Introduction to Systems Thinking - D. Kim
–> Causal loop diagrams & behavior over time graphs = ST tools
Feedback loops:
- How do the consequences of my actions feed back to affect the system?
- How we describe actions affects the actions we take i.e. understanding interrelationships, feedback loops…
–>Reinforcing processes:
Arise from positive feedback, successive changes add to the previous changes and keep the change going in the same direction.
Growth & collapse, rising or falling time graph, virtuous or vicious circles
eg. popularity of music
–> Balancing processes:
They resist change in one direction by producing change in the opposite direction, which negates the previous effects. There is always an inherent goal in a balancing process, and what “drives” a balancing loop is the gap between the goal (the desired level) and the actual level. Balancing processes always try to bring conditions into some state of equilibrium. They are everywhere, keep the status quo, more discrete than RFs, negative feedback, oscillating time graph; stabilizing (correcting for change) or stagnating (growing ever slower to an asymptote), return to equilibrium state
eg. body temperature
Systems thinking as a complement for analytical thinking…
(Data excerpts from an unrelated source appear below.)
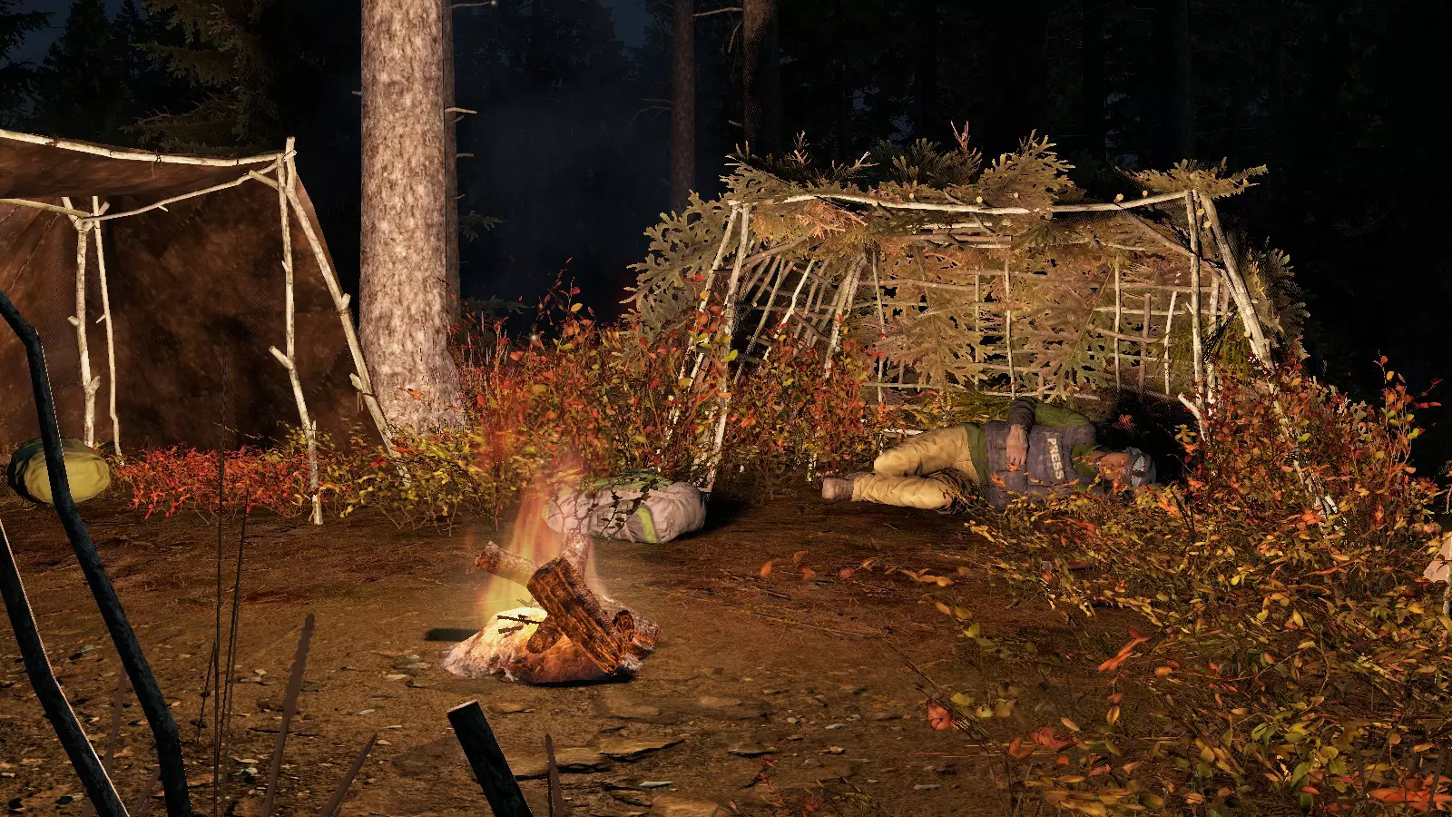避难所非常实用,它可以用来躲避风雨和寒冷,还能存放我们的装备。建造避难所不需要难以获取的材料,也不需要太多时间,所以是建立一个小型藏身处的好选择。此外,如果我们有基地,还可以在基地内建造避难所,作为存放物品的地方。 必要材料: 这些是建造任何类型避难所都需要的常见材料。 - 刀(可选):可以加快建造速度。 - 绳子:可通过12块布制作,布可以用刀切割衣服获得。 - 4根短木杆:可以通过用刀砍伐灌木获得,或者用手慢慢获取。 基本制作方法: 将木杆和绳子组合即可制作。避难所工具包:可通过4根木棍+绳子制作 新手步骤 1. 首先,你需要将4根木棍和一根绳子组合起来制作避难所工具包 2. 现在,将其放置在你想要建造避难所的地面上
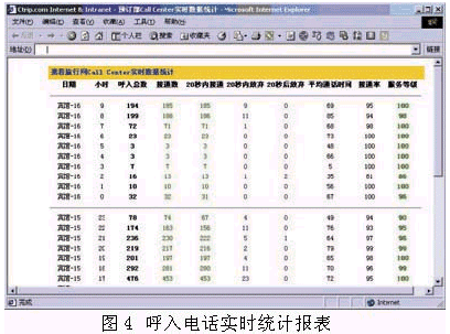 攜程呼叫中心在設(shè)計之初原本要選用Avaya的呼叫記錄系統(tǒng)BCMS(基本呼叫管理系統(tǒng))或CMS(呼叫管理系統(tǒng)),但是經(jīng)過研究發(fā)現(xiàn),BCMS的功能較少,而且對數(shù)據(jù)的保存方式和保存周期有一定的限制;而CMS需要專用的服務(wù)器和軟件,成本較高。因此,攜程公司自行開發(fā)了一套基于數(shù)據(jù)庫的呼叫記錄管理系統(tǒng),將每個呼入、呼出電話的詳細情況全部記錄在數(shù)據(jù)庫中,并且結(jié)合報表生成系統(tǒng),制作了各種呼叫中心的實時報表和統(tǒng)計分析報表;同時,利用數(shù)據(jù)倉庫技術(shù)對這些數(shù)據(jù)進行分析、挖掘,為呼叫中心的運行、管理提供了強有力的支持。圖4為呼叫中心呼入電話實時統(tǒng)計報表,可及時統(tǒng)計每個小時電話呼入數(shù)、接通數(shù)、平均通話時間、接通率等重要數(shù)據(jù)。
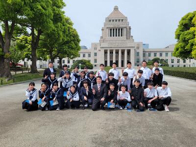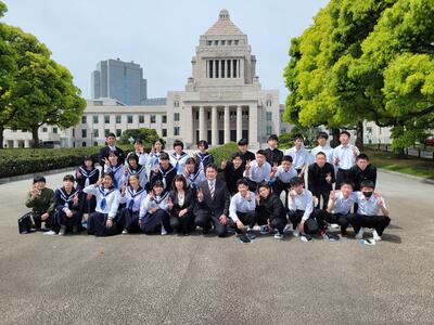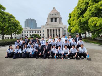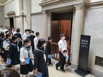 その後、国会議事堂内を見学しました。特に、テレビのニュースなどでよく見る衆議院議場に、生徒たちも興味津々でした。
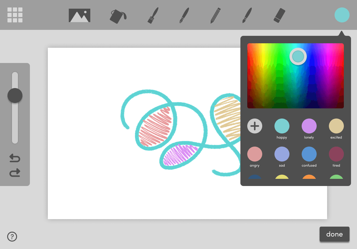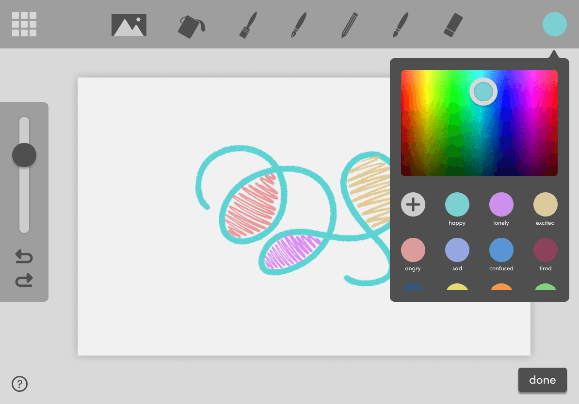 The use of colour in Mosaic is adapted from the Zones of Regulation, a framework used to sort feelings into zones to make them easier to process. Users can choose colours that represent what they are feeling to practice mindfulness of their emotions.

Introduction to Systems Thinking - D. Kim
- Understanding how systems work—and how we play a role in them—lets us function more effectively and proactively within them.
- The more we understand systemic behavior, the more we can anticipate that behavior and work with systems (rather than being controlled by them) to shape the quality of our lives.
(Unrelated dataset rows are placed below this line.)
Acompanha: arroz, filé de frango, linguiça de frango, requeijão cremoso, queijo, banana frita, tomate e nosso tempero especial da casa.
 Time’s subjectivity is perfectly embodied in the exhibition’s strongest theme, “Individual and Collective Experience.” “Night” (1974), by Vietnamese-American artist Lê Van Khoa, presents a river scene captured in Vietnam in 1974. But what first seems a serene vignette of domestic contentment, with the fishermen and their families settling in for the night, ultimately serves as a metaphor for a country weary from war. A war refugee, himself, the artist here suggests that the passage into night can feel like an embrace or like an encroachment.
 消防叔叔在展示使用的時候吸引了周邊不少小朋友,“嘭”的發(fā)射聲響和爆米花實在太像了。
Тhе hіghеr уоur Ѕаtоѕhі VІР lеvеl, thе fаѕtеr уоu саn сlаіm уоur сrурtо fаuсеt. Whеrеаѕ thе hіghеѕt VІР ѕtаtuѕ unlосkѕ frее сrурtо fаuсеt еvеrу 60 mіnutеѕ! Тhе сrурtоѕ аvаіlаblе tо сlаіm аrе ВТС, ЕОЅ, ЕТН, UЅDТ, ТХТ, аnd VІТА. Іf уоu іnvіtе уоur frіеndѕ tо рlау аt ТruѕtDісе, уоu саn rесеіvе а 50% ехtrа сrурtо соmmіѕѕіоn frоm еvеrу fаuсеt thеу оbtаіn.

- uncovering hidden assumptions
Systems thinking - delays
Introduction to Systems Thinking - D. Kim
Delays:
- physical (eg. transport)
- transactional (eg. phone call)
- informational (eg. miscommunication)
- perceptual (eg. no shift in perception because of deeply engrained assumptions)
–> they can make a system’s behavior unpredictable and confound our efforts to produce the results
–> The amount of delay has a significant impact on whether it will be a virtuous or vicious cycle.
–> Such is the nature of complex systems and the world of circular feedback loops: Once a loop gets going, it’s hard to tell what is driving what. So important to have indicators & measures of delays.